The L.M.D.C. received $2.78 billion in the community block grants after 9/11 and the U.S. Dept. of Housing and Urban Development has approved $1.91 billion in spending. Some of the largest expenditures have included $750 million to repair public utilities in Lower Manhattan, $300 million for a rent subsidy program to attract and retain Downtown residents and about $165 million to buy and dismantle the contaminated Deutsche bank building across the street. The L.M.D.C. board has also set aside an additional $45 million for the Deutsche project although it hopes to recoup almost all of that from Deutsche and its insurers; and $53 million for affordable housing although it has not yet submitted that plan to HUD.

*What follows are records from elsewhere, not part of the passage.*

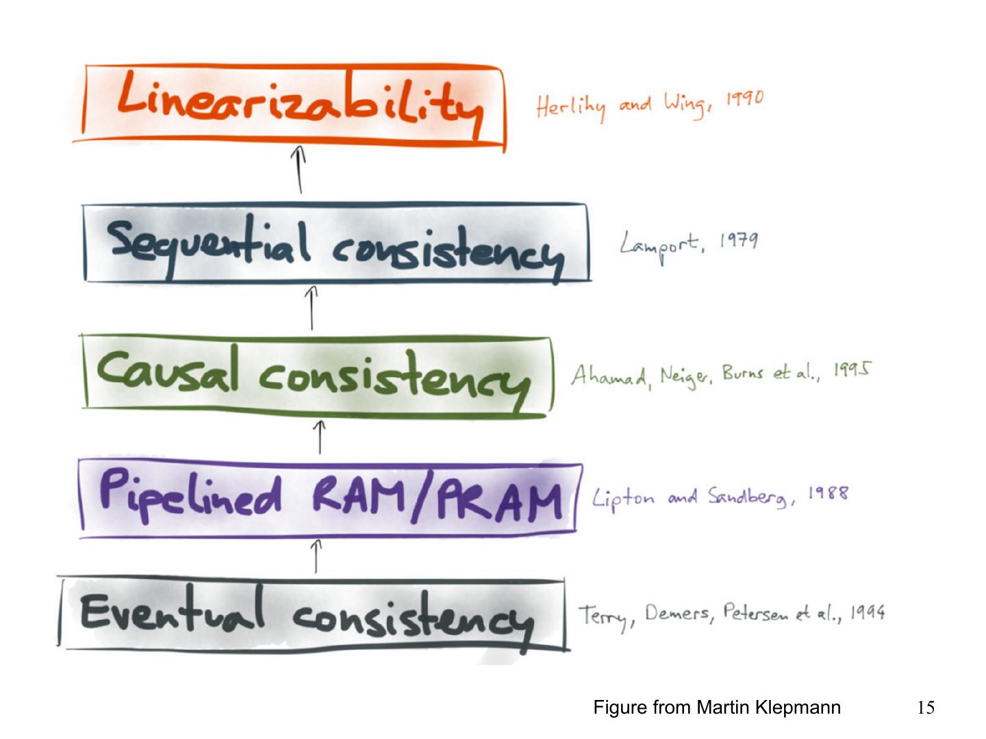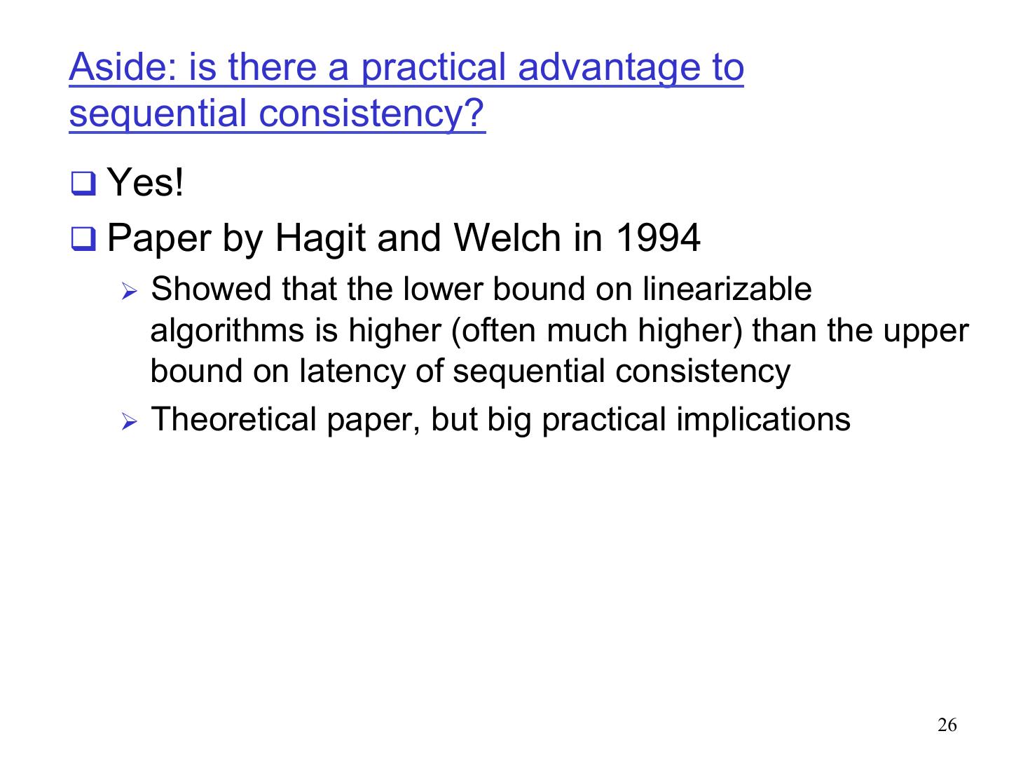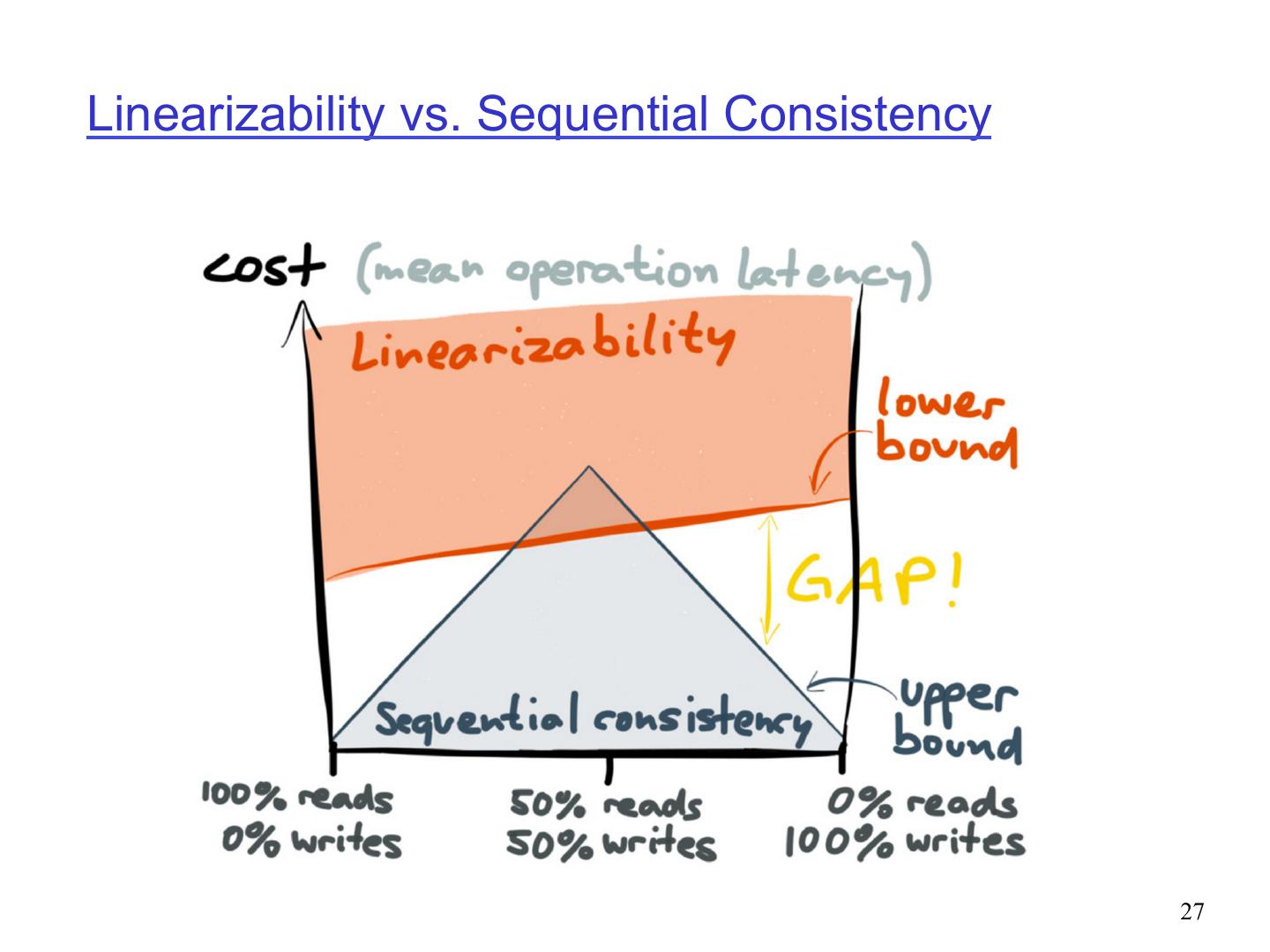 26 .Aside: is there a practical advantage to sequential consistency? q Yes! q Paper by Hagit and Welch in 1994 Ø Showed that the lower bound on linearizable algorithms is higher (often much higher) than the upper bound on latency of sequential consistency Ø Theoretical paper, but big practical implications 26
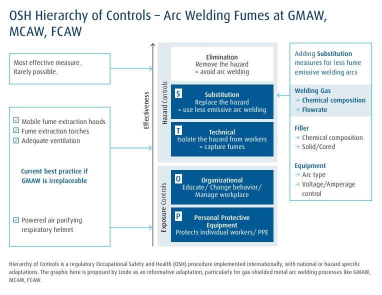 Local Exhaust Ventilation (LEV) are the most effective technical measure, recommended by CCOHS’s hierarchy of controls.
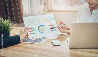 teamwork, Young businesswoman in office in casual shirt. Selecting information with colleagues with a computer. Business Marketing Planning.
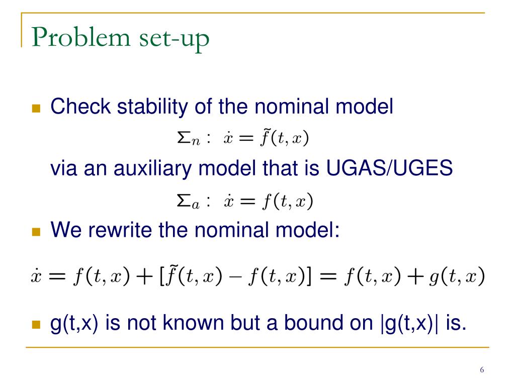 Problem set-up • Check stability of the nominal model via an auxiliary model that is UGAS/UGES • We rewrite the nominal model: • g(t,x) is not known but a bound on |g(t,x)| is.

The L.M.D.C. currently has $877 million of money free although assuming HUD approves all the board’s outstanding spending requests and the agency gets no money back from Deutsche, the figure will drop to $772 million, according to the L.M.D.C..

The $772 million plus the Deutsche fund recovery will be divided between the memorial, cultural center and any number of other projects.

The spring recommendations for the money will come too late for ROC-NY, a group of Windows on the World workers who wanted to open a restaurant in Tribeca.

Saru Jayaraman, executive director of the group, said they applied over two years ago for $1 million - $2 million from the L.M.D.C. and never heard anything. Fearing their Italian investors would pull out of the deal, Jayaraman said the group signed a lease this year near the Public Theater in the Village — north of Houston St. and outside the L.M.D.C. jurisdiction.

“Here are these Italian investors willing to invest half a million dollars and no American investors came forward,” said Jayaraman. Seventy-three restaurant workers at Windows were killed in the 2001 attack. “We’re doing Lower Manhattan development and we’re survivors – there’s no better use under the L.M.D.C. guidelines. Shame on the L.M.D.C.”

“L.M.D.C. has focused its funding on rebuilding the World Trade Center site and on a fitting memorial to the lives that were lost,” said Joanna Rose, L.M.D.C. spokesperson, in response to the criticism. The Empire State Development Corp. and the city’s Economic Development Corporation concentrated on small business initiatives after the 9/11 attack, while the L.M.D.C. has funded short-term improvements Downtown in addition to focusing on the site.

With the focus moving to the L.M.D.C.’s remaining money, David Dyssegaard Kallick of the Fiscal Policy Institute is cautiously optimistic at the recent signals that the agency will increase the level of public input before spending the rest of the money. He said public meetings where people break up into small focus groups may be the best way to get comments. In the summer of 2002, 4,000 participants in a forum co-sponsored by the L.M.D.C. led to a rejection of six W.T.C. site plans and led to the current plan by Daniel Libeskind; and in the summer of 2003, the L.M.D.C. held neighborhood workshops to get comments on spending priorities.

These forums “showed the public understands some of the tradeoffs that will be made,” Kallick said. “Every time the public gets involved, the process gets better.”